Tabel 1. Overzicht intensiveringen en ombuigingen van het kabinet Rutte II en het huidige kabinet (Rutte III), de ingehouden lpo op de onderwijsbudgetten in 2019 en de studievoorschotmiddelen en het saldo hiervan voor hbo en wo.

Tabel 1. Overzicht intensiveringen en ombuigingen van het kabinet Rutte II en het huidige kabinet (Rutte III), de ingehouden lpo op de onderwijsbudgetten in 2019 en de studievoorschotmiddelen en het saldo hiervan voor hbo en wo.

De leden van de fractie van GroenLinks geven aan dat zij in het voorlopig verslag gevraagd hadden om een uitsplitsing per instelling. Volgens de regering is dat niet mogelijk omdat de rijksbijdrage voor deze jaren nog niet (definitief) is vastgesteld. De leden van de fractie van GroenLinks vragen zich af of het de regering bekend is dat de VSNU wel een dergelijke simulatie-berekening heeft gemaakt?
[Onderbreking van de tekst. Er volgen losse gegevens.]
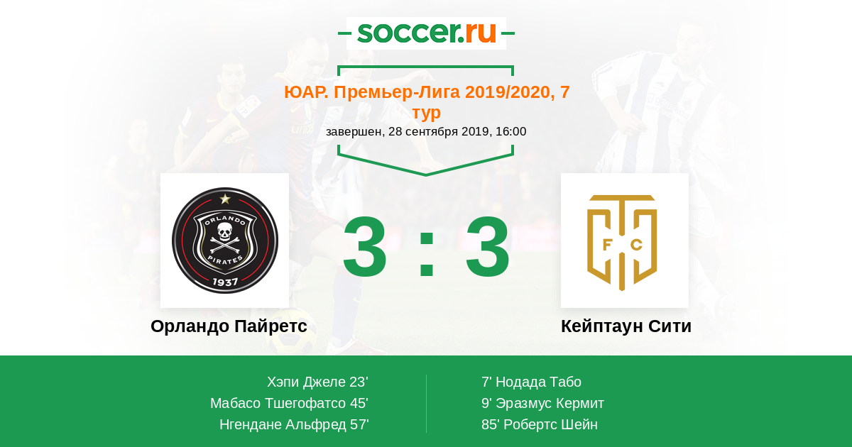 Протокол матча Орландо Пайретс против Кейптаун Сити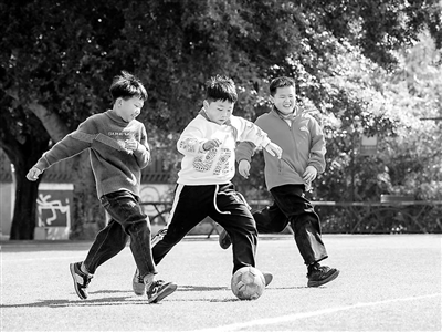 1月8日,贵州省从江县刚边壮族乡中心小学学生在课间踢足球。罗京来 摄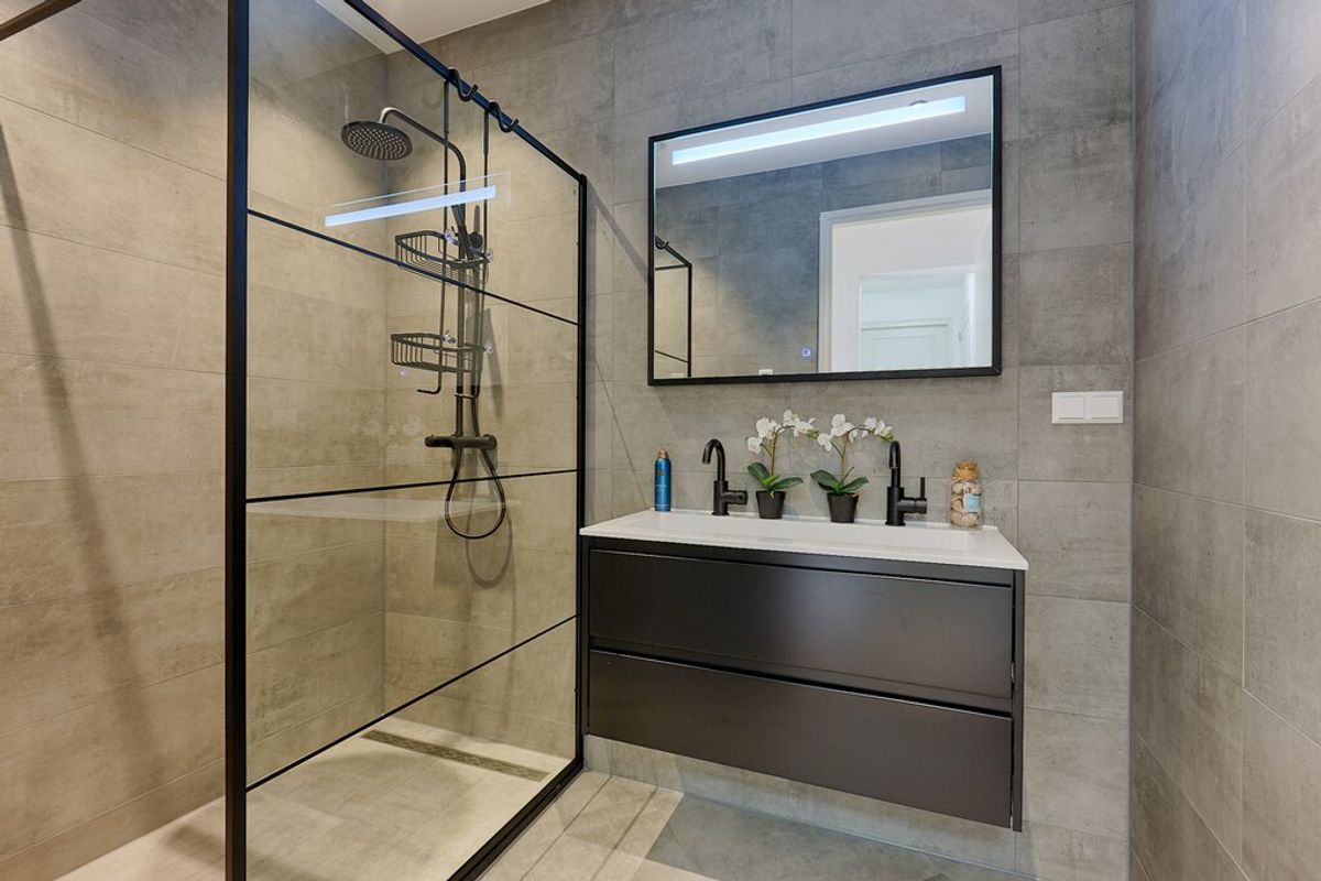 Entree woning naar hal met toegang tot de lichte woonkamer met luxe open keuken, voorzien van een Samsung Amerikaanse koelkast met ijsdispenser, vaatwasser, oven, magnetron, inductiekookplaat en afzuigkap. Vanuit de woonkamer zijn er openslaande deuren naar de ruimte tuin op het westen, ideaal om van de middag- en avondzon te genieten. Er zijn 2 ruime slaapkamers. De moderne badkamer heeft een inloopdouche, verlichte spiegel, dubbele wastafel en inbouwspots. Tevens is er een technische ruimte met mechanische ventilatie, warmwaterboiler, en de aansluiting voor wasmachine en droger.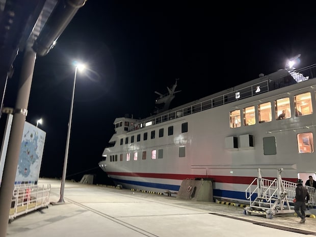 寒風吹き付ける深夜の港に到着し、予約していたレンタカーをピックアップ。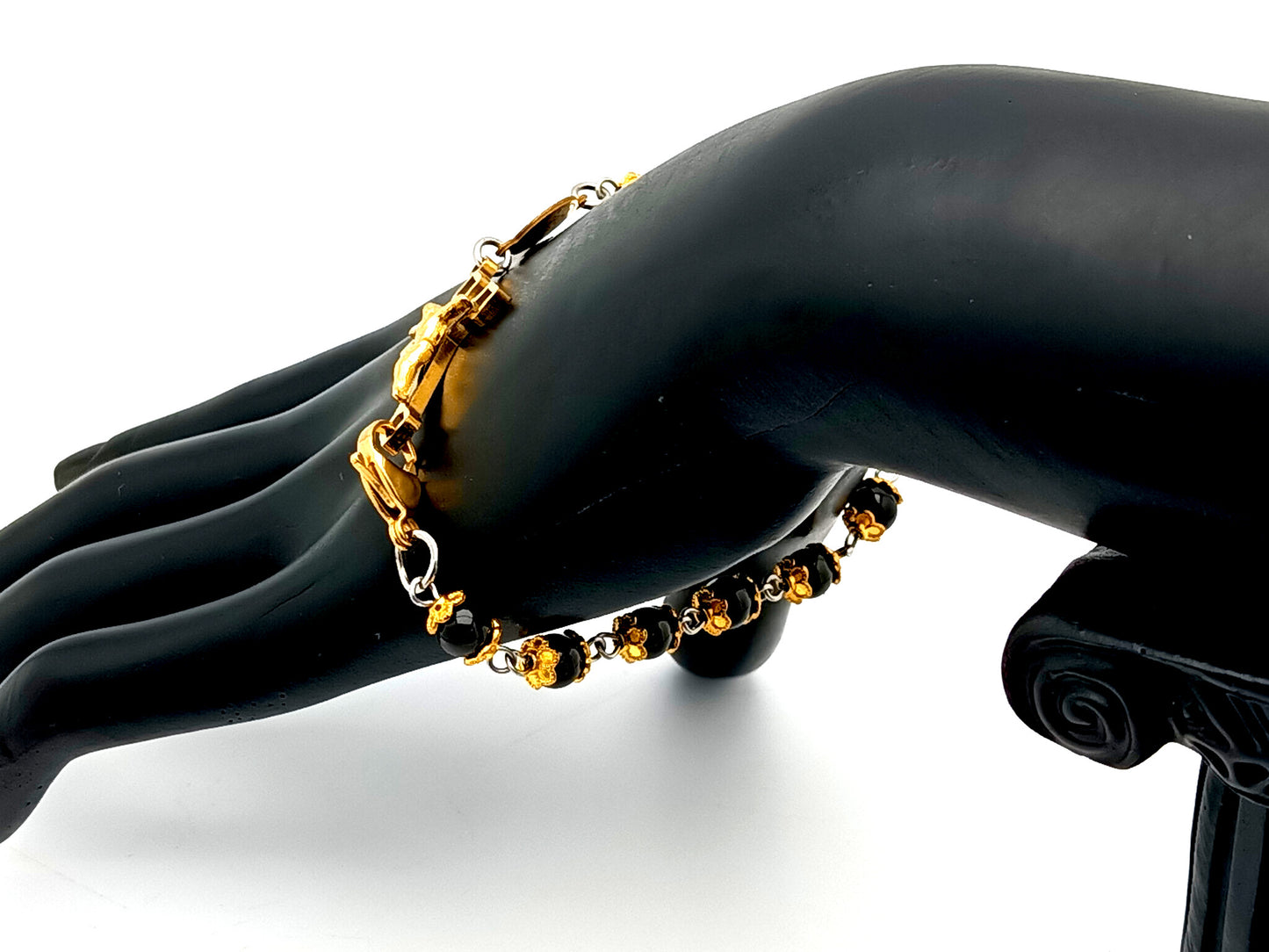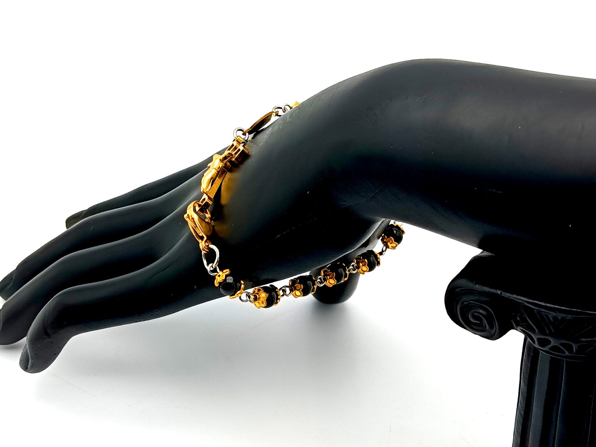 Hail Mary beads: 6mm onyx gemstones with gold plated bead caps.

Ja, ik ben hiermee bekend. Het staat de VSNU vrij om simulatie-berekeningen te maken. Echter blijft het een «simulatie» en dus een inschatting. Tot de rijksbijdrage voor deze jaren definitief is vastgesteld kan ik geen uitsplitsing maken per instelling waar naar is gevraagd door de leden van de fractie van GroenLinks.

De regering antwoordt in de Memorie van Antwoord op de vraag naar de werkdruk dat door de studievoorschotmiddelen, de middelen voor sectorplannen onderzoek en de middelen voor bèta-techniek extra docenten en onderzoekers kunnen worden aangenomen. De leden van de GroenLinks, PvdA en SP fracties vragen of de regering ziet dat door de scherpe keuzes in de sectorplannen en de focus op bèta-techniek deze middelen voor sommige disciplines wel beschikbaar zijn en voor andere niet? En dezen vragen zich af of de regering het eens is met de stelling dat de studievoorschotmiddelen besteed dienen te worden – met inspraak van met name de studentengeledingen – voor kwaliteitsverbetering en niet voor werkdrukreductie?
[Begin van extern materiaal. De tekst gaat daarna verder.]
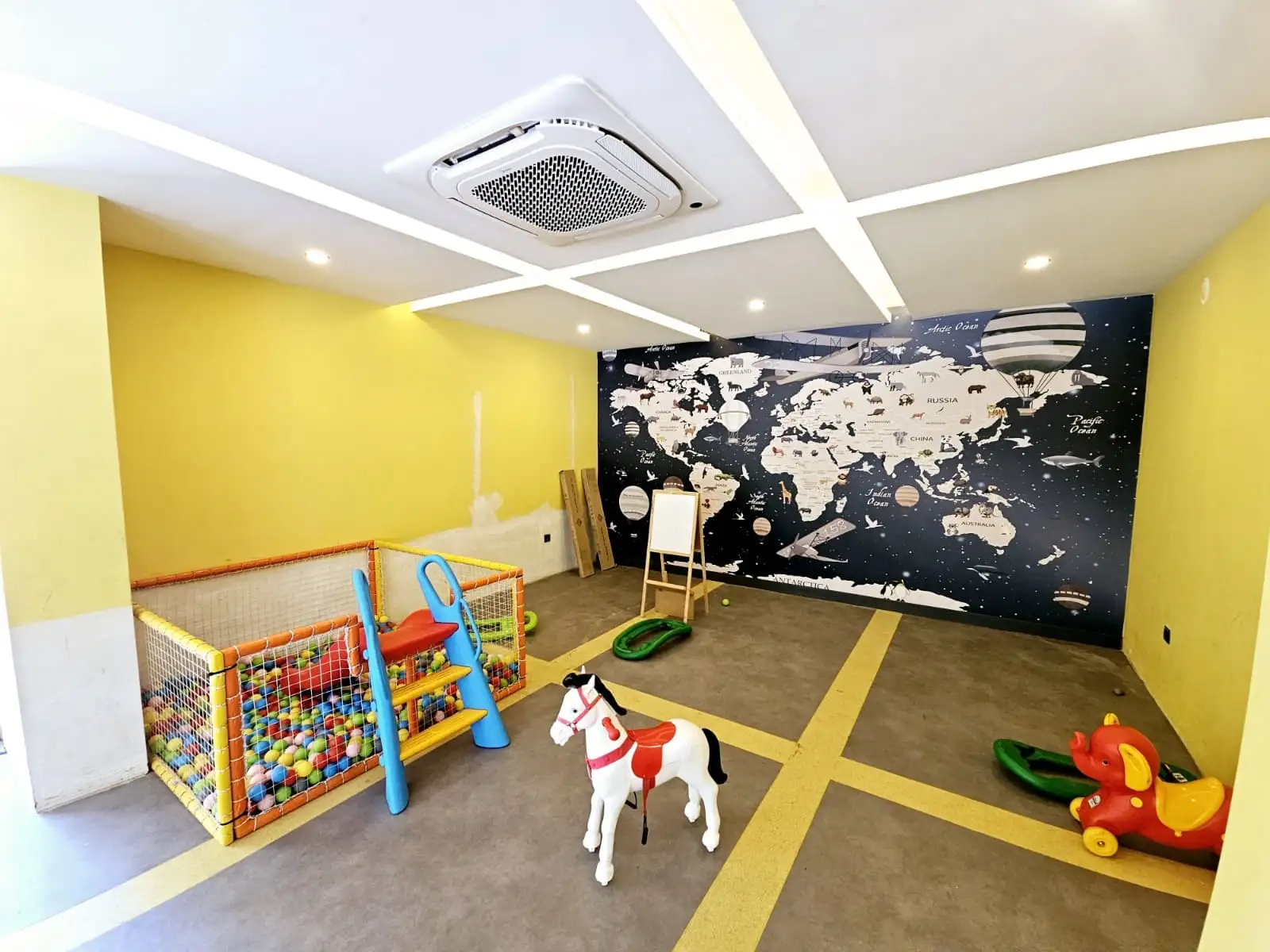 Что в комплексе: Небольшой комплекс состоит из двух аккуратных жилых блоков и предлагает всё необходимое для комфортной жизни: открытый и крытый бассейны, сауна, тренажёрный зал, детская комната и площадка, зелёная зона для отдыха, барбекю с беседками, а также водная горка у бассейна. На территории — открытая парковка и ухоженный сад.

Elke instelling is binnen de eigen lumpsumfinanciering vrij om eigen keuzes te maken. De keuze om ergens wel of geen middelen voor beschikbaar te stellen, dus ook voor het aannemen van extra personeel, is aan hen zelf. Bij de sectorplannen onderzoek is gekozen voor een aantal disciplines, in de bètatechniek, en in de Social Sciences and Humanities (SSH); daar wordt gericht geïnvesteerd in vaste posities. Het is een bewuste keuze om een aantal disciplines binnen bètatechniek en binnen SSH te versterken. Door de middelen over een beperkt aantal disciplines te verdelen kunnen de onderzoekszwaartepunten echt versterkt worden. Bij de reallocatie van middelen in de onderwijsbekostiging is er meer geld beschikbaar gekomen bij de technische universiteiten. Zij kunnen per definitie investeren. Andere instellingen kunnen binnen de lumpsum eigen keuzes maken. Ook met de besteding van de studievoorschotmiddelen kunnen instellingen – in samenspraak met de medezeggenschap en binnen de landelijk vastgestelde thema’s – keuzes maken waaraan de middelen worden besteed. Er kunnen dus verschillen zijn in investeringen per discipline. Het aannemen van extra docenten en onderzoekers leidt tot een verbetering van de kwaliteit van onderwijs. Daarvoor zijn de studievoorschotmiddelen ook bestemd. Wanneer hoger onderwijs instellingen extra docenten en onderzoekers aannemen kan dat ook iets voor de werkdruk betekenen. Het verbeteren van de kwaliteit van onderwijs sluit werkdrukreductie niet uit.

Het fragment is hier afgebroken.